> _Data section_
▼▼▼

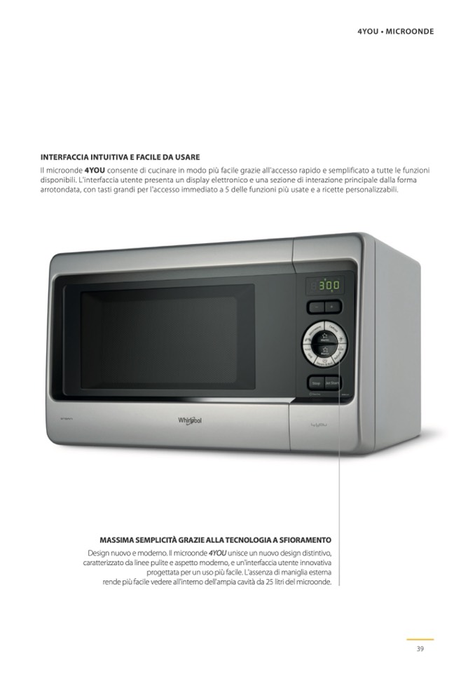 Design nuovo e moderno. Il microonde 4YOU unisce un nuovo design distintivo,
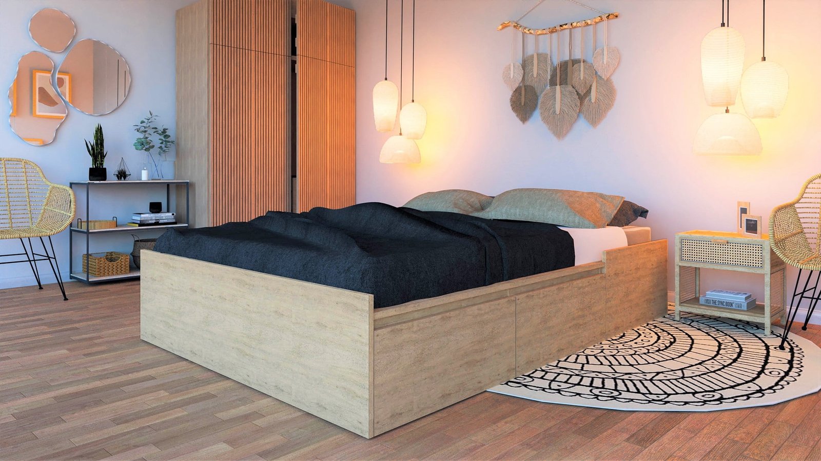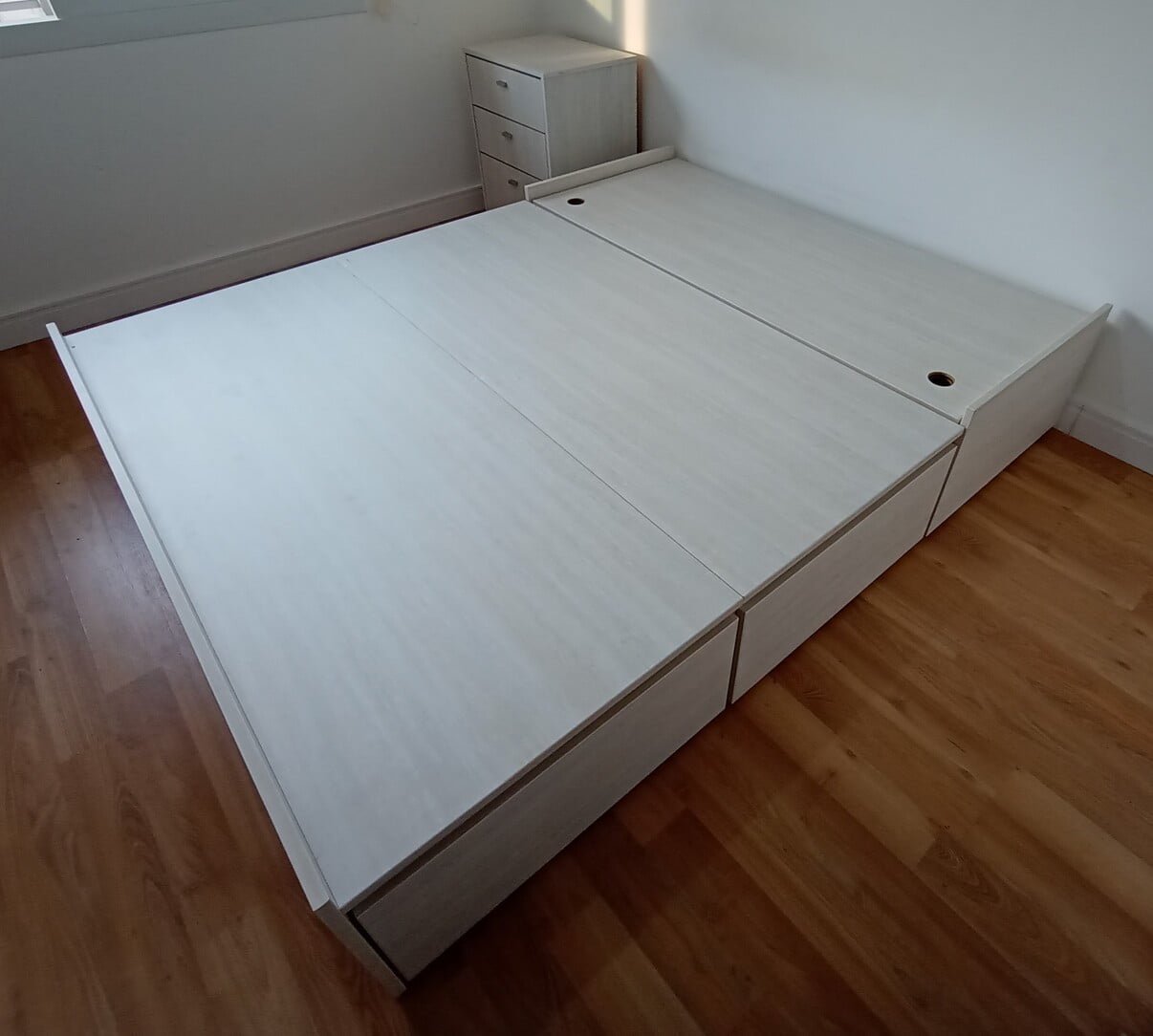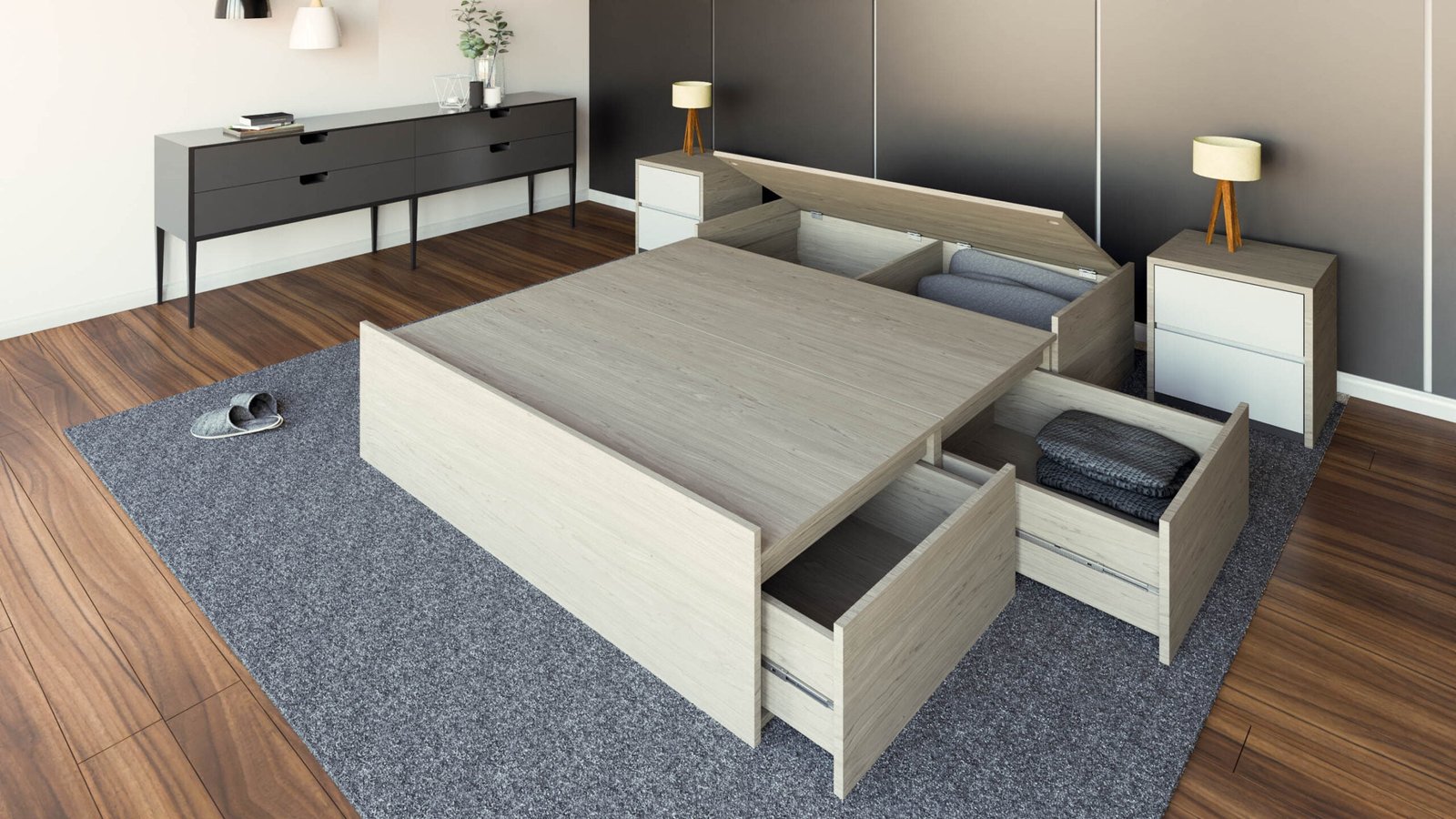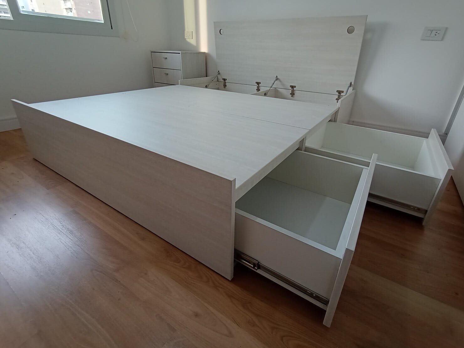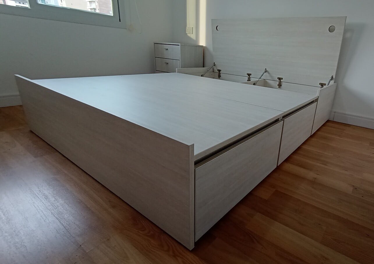 La Baulera en la cabecera tiene tapa amortiguada con Pistones a Gas, es ideal para guardar objetos voluminosos y ropa de cama de uso poco frecuente.
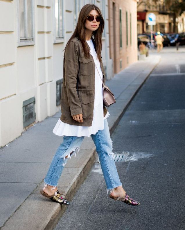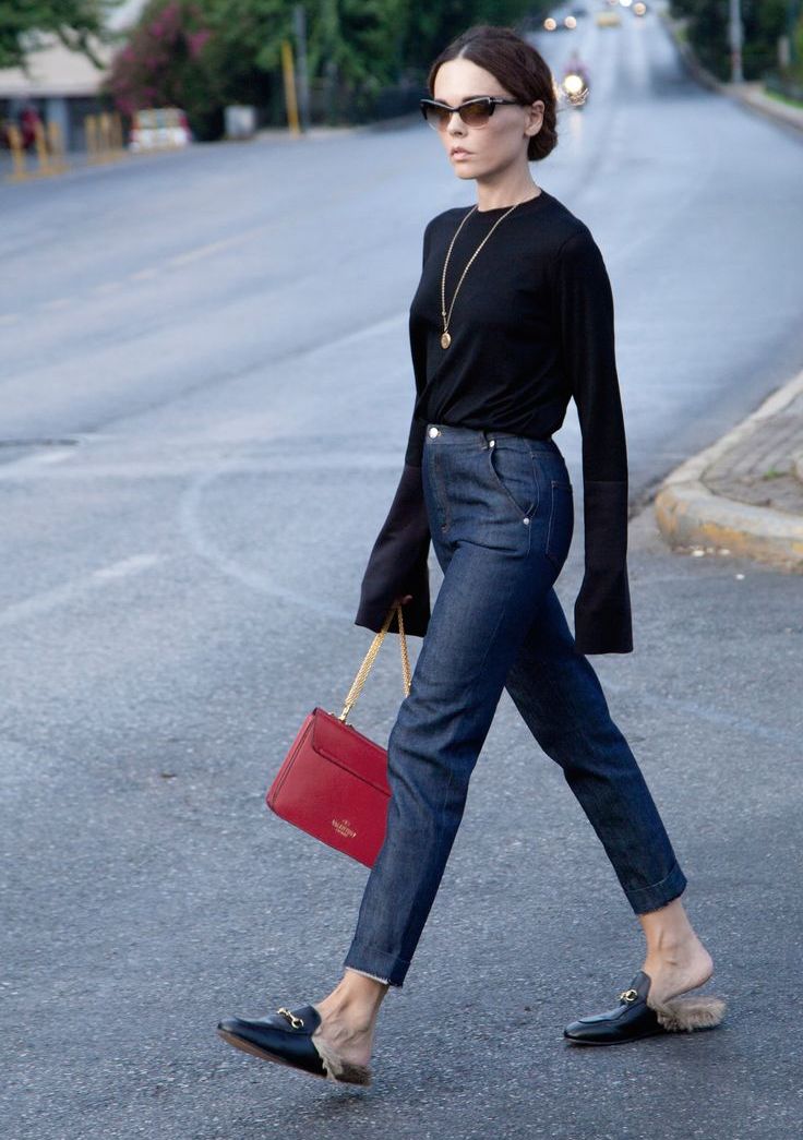 Loafers in combination with skinny jeans and a spacious top will create the best look for walking.

▲▲▲

> _Work to complete_
Reproduce the data word for word; no pictures.

> _Task output_
 Design nuovo e moderno. Il microonde 4YOU unisce un nuovo design distintivo,
 La Baulera en la cabecera tiene tapa amortiguada con Pistones a Gas, es ideal para guardar objetos voluminosos y ropa de cama de uso poco frecuente.
 Loafers in combination with skinny jeans and a spacious top will create the best look for walking.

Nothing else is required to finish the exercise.